「リラ冷え」。なんときれいな言葉なのでしょう。
5月下旬の北海道は、暖かくなったと思ったら急に冷え込むという気候の変化が見られます。そんな時期に札幌市民がふつうに使っている言葉、それが「リラ冷え」という言葉なのです。このページではリラ冷えについてまとめています。
まずは言葉の意味から!!
リラ冷えの「リラ」って何でしょうか?これフランス語なのです実は。フランス語表記では「lilas」になります。日本語に訳すとどうなるか・・・「ライラック」です。ライラックといえば、北海道、特に札幌市民にとってはなじみの深い木ですね。札幌の木ですし、大通りではライラック祭りが毎年5月下旬に開催されていますのでね。札幌~旭川間のL特急もライラックという名前です。
ちょうどライラックが咲き誇る5月末から6月初めにかけて、リラ冷えの現象が起こることから、この名称になりました(本州の花冷えとほぼ同じ意味の言葉とされています)。
リラ冷えが起こる原因は、オホーツク海高気圧で、冷たい空気が北海道に影響を与えます。気温で言うと20度台から10度台へ平気で下がります。でも、いよいよ初夏突入か、という季節を告げる花でもあります。
ところでこの名前、誰が付けたのでしょうか。
リラ冷え発祥の歴史とは?
「リラ冷え」を創ったのは、榛谷(はんがい)美枝子さんという北海道を代表する俳人(江部乙出身)。1960年に詠まれた句の冒頭に使われています。リラの花が咲いた頃肌寒かたことから、「リラ冷え」を生み出したということだそうです。しかしこれを広めた立役者とも言うべき人は作家の渡辺淳一さん(上砂川出身)。1971年の著書「リラ冷えの街」で一気に広まっていきました。 この小説は、6月のまさにリラの季節、男女の愛を描く物語です。

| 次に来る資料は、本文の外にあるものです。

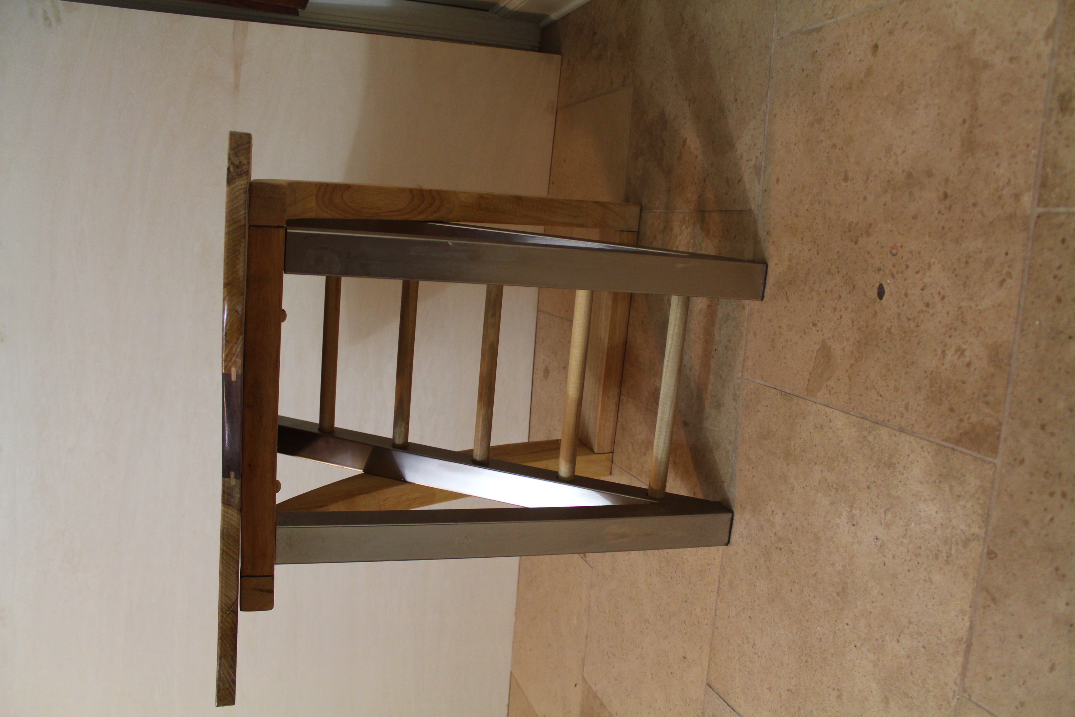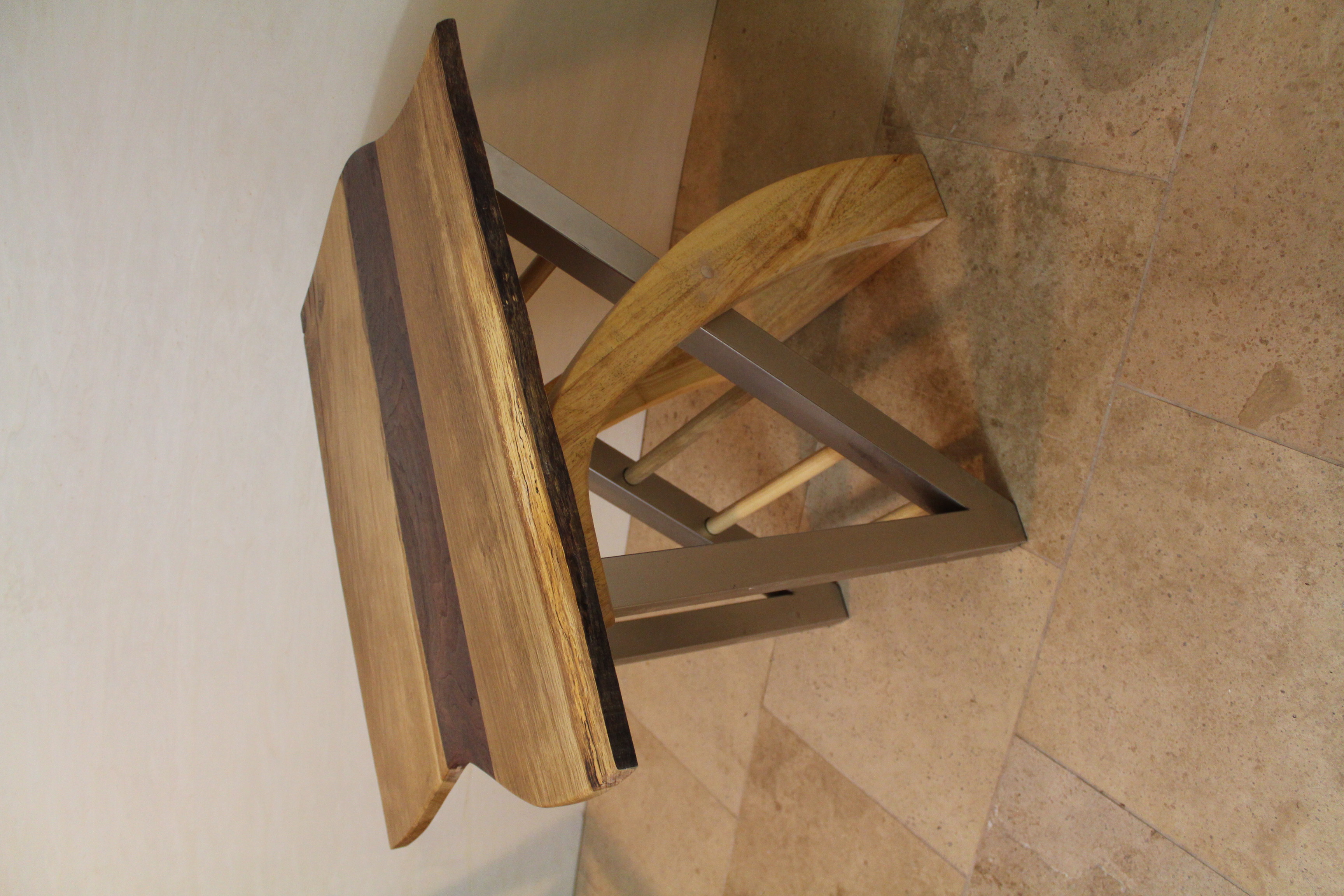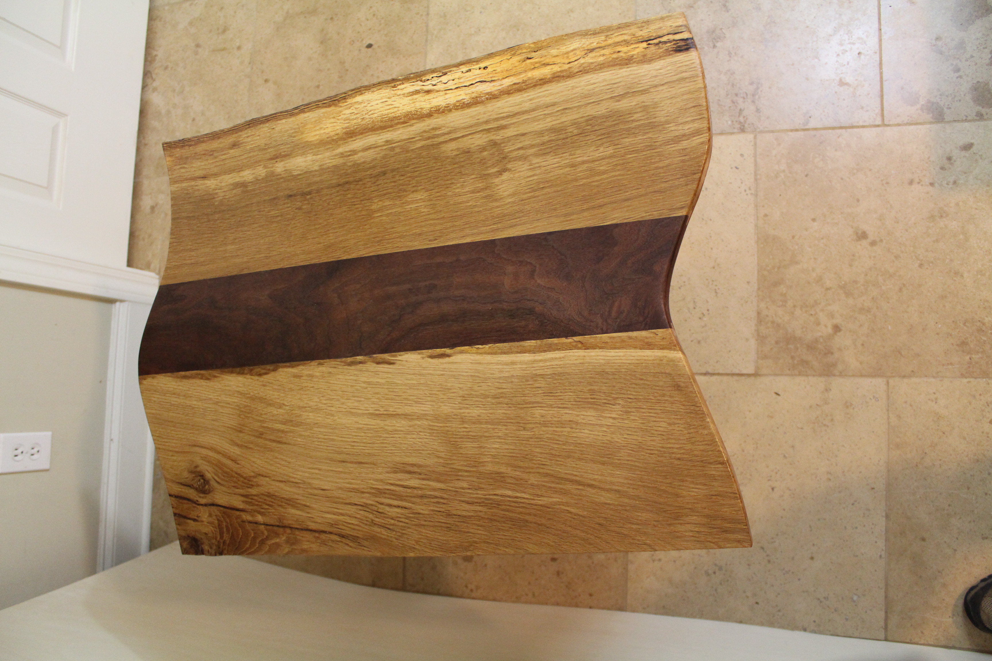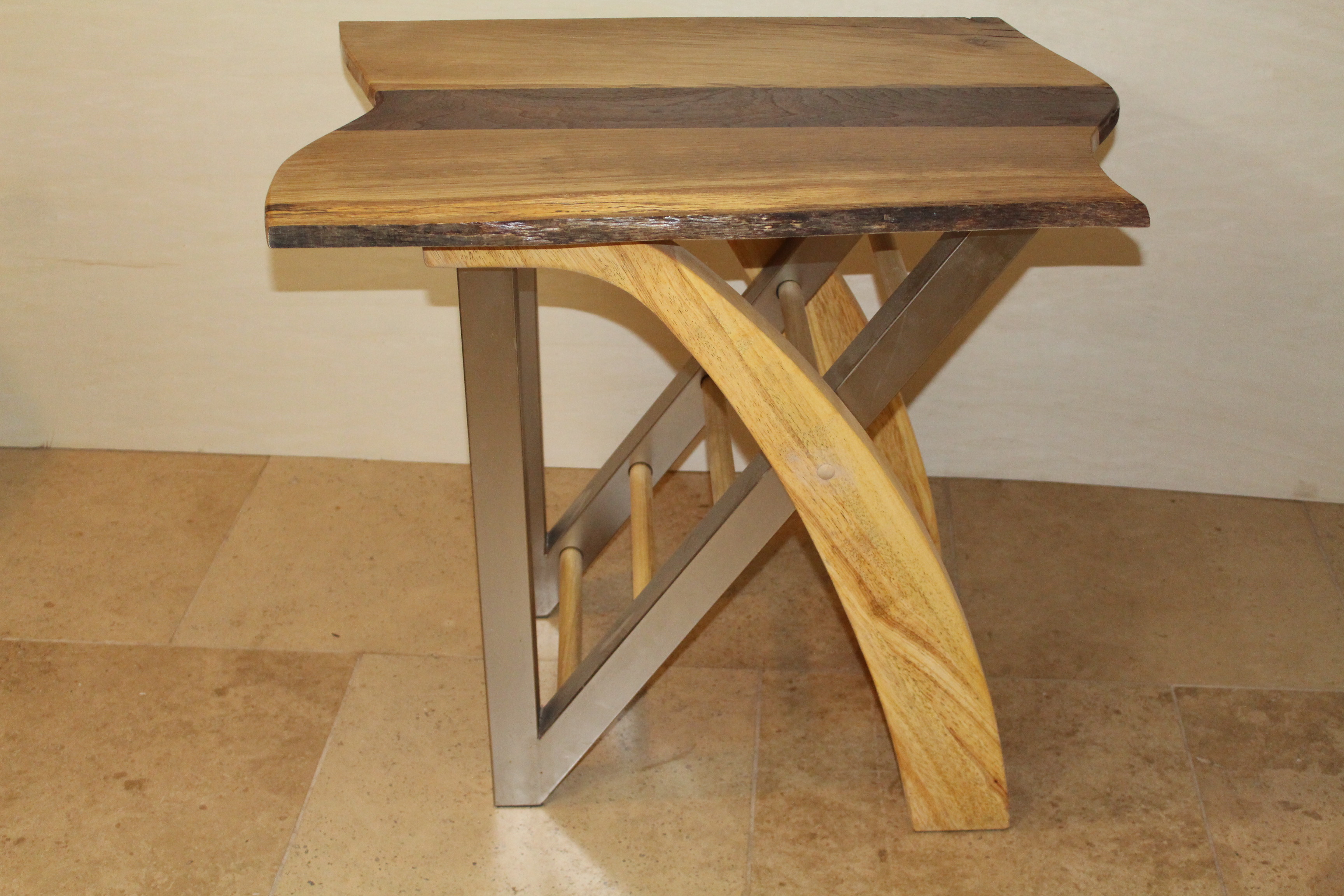 Modern Live Edge & Metal Side Table This side table is a fusion of natural live edge oak wood with black walnut and steel. It stands 27″ high and measures 23″ by 32″. category Portfolio date July 1, 2022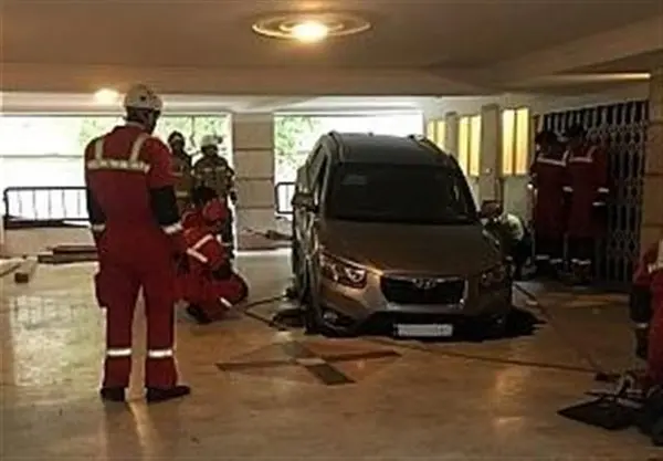 سقوط سانتافه در چاه ساختمانی در تهران + عکس

いまや季語にもなっている「リラ冷え」。これから暑くなろうとしている矢先の一瞬の寒さ。それでもリラの美しさと言葉の美しさに、寒さもこれまた美しいと感じるのでありました。この時期、くれぐれも風邪は引かないように。夏は短いので早く薄着をしたいという気持ちがあるのですが、 まだまだ天気予報とにらめっこの季節なのです。